***** Dataset section *****

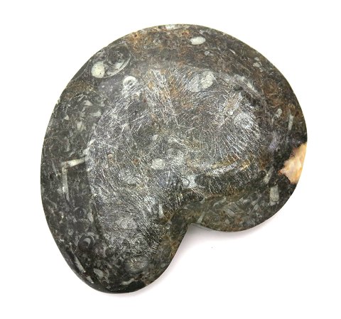 Skål i form af ammonit, indeholdende fossile ammonitter
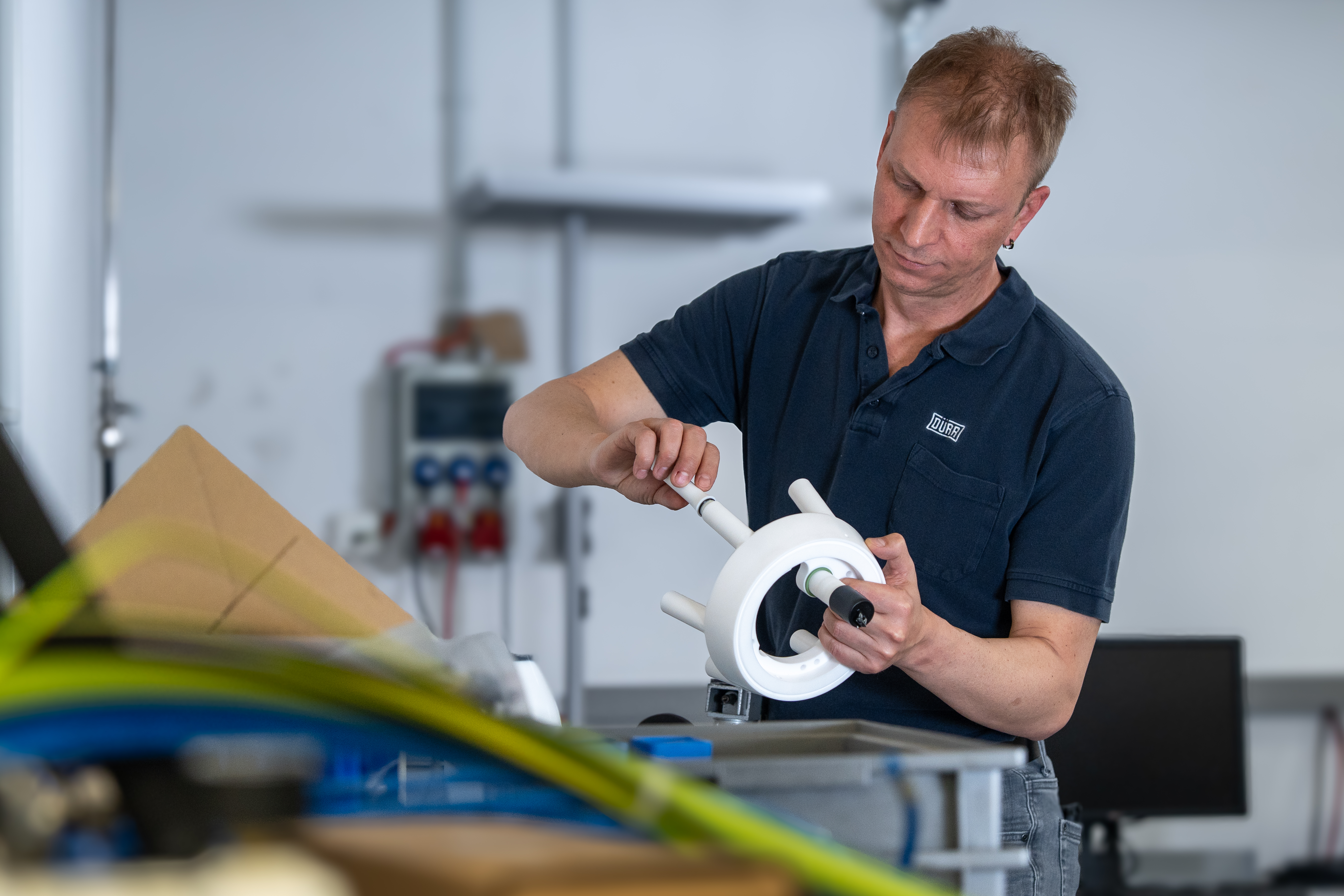 „Typisch ist, dass nichts typisch ist“, berichtet Schipietz, während er sich entspannt zurücklehnt. „Unsere Kunden kommen aus den unterschiedlichsten Branchen – da ist jede Anfrage anders.“ Wenn es so etwas wie einen roten Faden gibt, dann sind es grobe Prozessideen, mit der Bitte mal zu prüfen, ob ein solcher Lackierprozess überhaupt funktionieren könnte – in der gewünschten Taktzeit? Und mit welchem Equipment? Für einen fundierte Einschätzung greift Schipietz auf einen reichen Erfahrungsschatz zurück. „Es fühlt sich nicht so an, aber ich bin seit fast 28 Jahren in der Branche. In der Zeit habe ich vieles gesehen, ausprobiert und gelernt – vor allem aus dem, was nicht funktioniert hat,“ meint er rückblickend und grüßt mit freundlichem Nicken einen vorbeikommenden Kollegen.
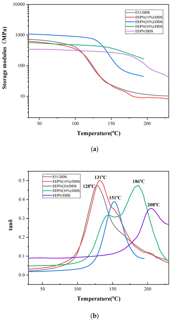 Figure 10 shows the DMTA test curves for cured E51/DDS and EEPN(n)/DDS. The storage modulus–temperature curves are shown in Figure 10a, and the loss factor–temperature curves are shown in Figure 10b.
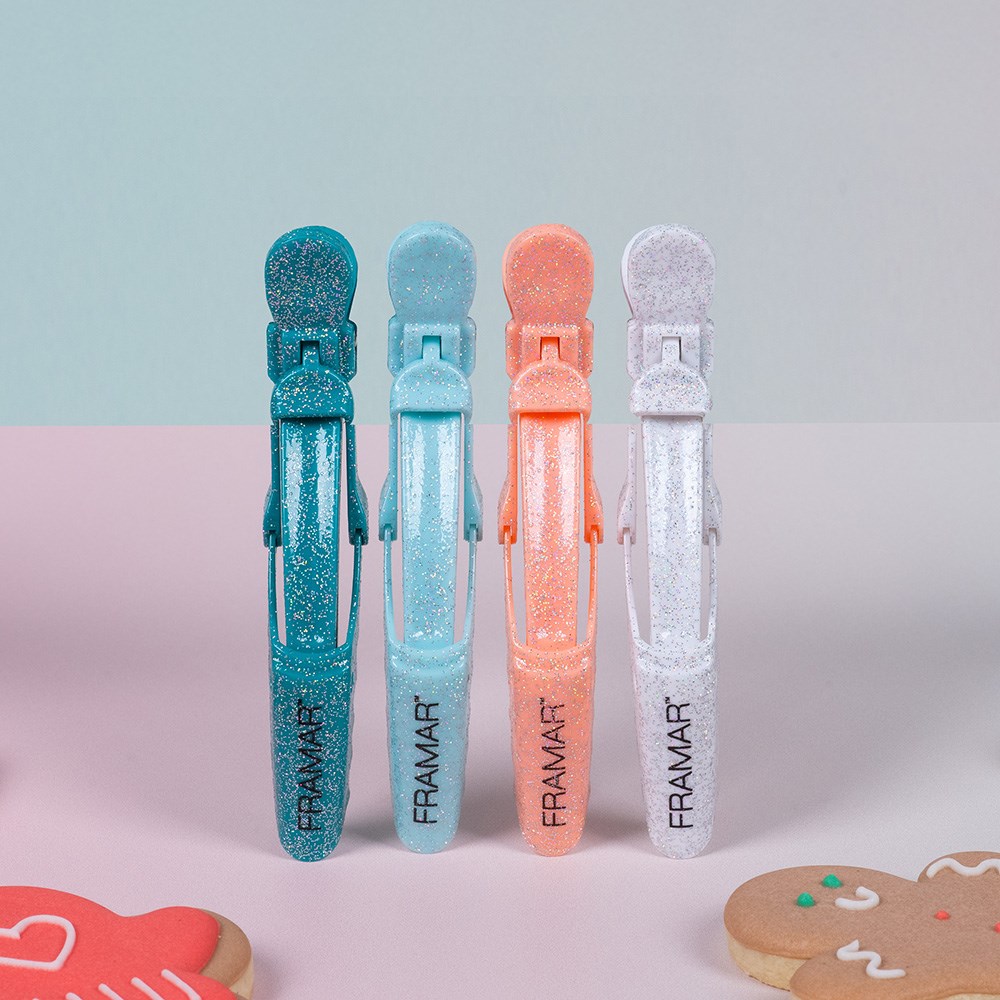 Bake this season bright! Embrace baked goodness with sweet hues. Framar Gator Grip Clips 4 Pack Cookie Cutter effortlessly hold large sections of hair. With a wide mouth and rubberised non-slip surface, these clips are stronger than an alligator. Secures hair during colouring, styling and foiling. Industrial springs for ultimate durability. Pack of four.

*****

▸ Task details: Every line of the listing above is to be retyped exactly, but the pictures are to be dropped.

▸ Reply:
 Skål i form af ammonit, indeholdende fossile ammonitter
 „Typisch ist, dass nichts typisch ist“, berichtet Schipietz, während er sich entspannt zurücklehnt. „Unsere Kunden kommen aus den unterschiedlichsten Branchen – da ist jede Anfrage anders.“ Wenn es so etwas wie einen roten Faden gibt, dann sind es grobe Prozessideen, mit der Bitte mal zu prüfen, ob ein solcher Lackierprozess überhaupt funktionieren könnte – in der gewünschten Taktzeit? Und mit welchem Equipment? Für einen fundierte Einschätzung greift Schipietz auf einen reichen Erfahrungsschatz zurück. „Es fühlt sich nicht so an, aber ich bin seit fast 28 Jahren in der Branche. In der Zeit habe ich vieles gesehen, ausprobiert und gelernt – vor allem aus dem, was nicht funktioniert hat,“ meint er rückblickend und grüßt mit freundlichem Nicken einen vorbeikommenden Kollegen.
 Figure 10 shows the DMTA test curves for cured E51/DDS and EEPN(n)/DDS. The storage modulus–temperature curves are shown in Figure 10a, and the loss factor–temperature curves are shown in Figure 10b.
 Bake this season bright! Embrace baked goodness with sweet hues. Framar Gator Grip Clips 4 Pack Cookie Cutter effortlessly hold large sections of hair. With a wide mouth and rubberised non-slip surface, these clips are stronger than an alligator. Secures hair during colouring, styling and foiling. Industrial springs for ultimate durability. Pack of four.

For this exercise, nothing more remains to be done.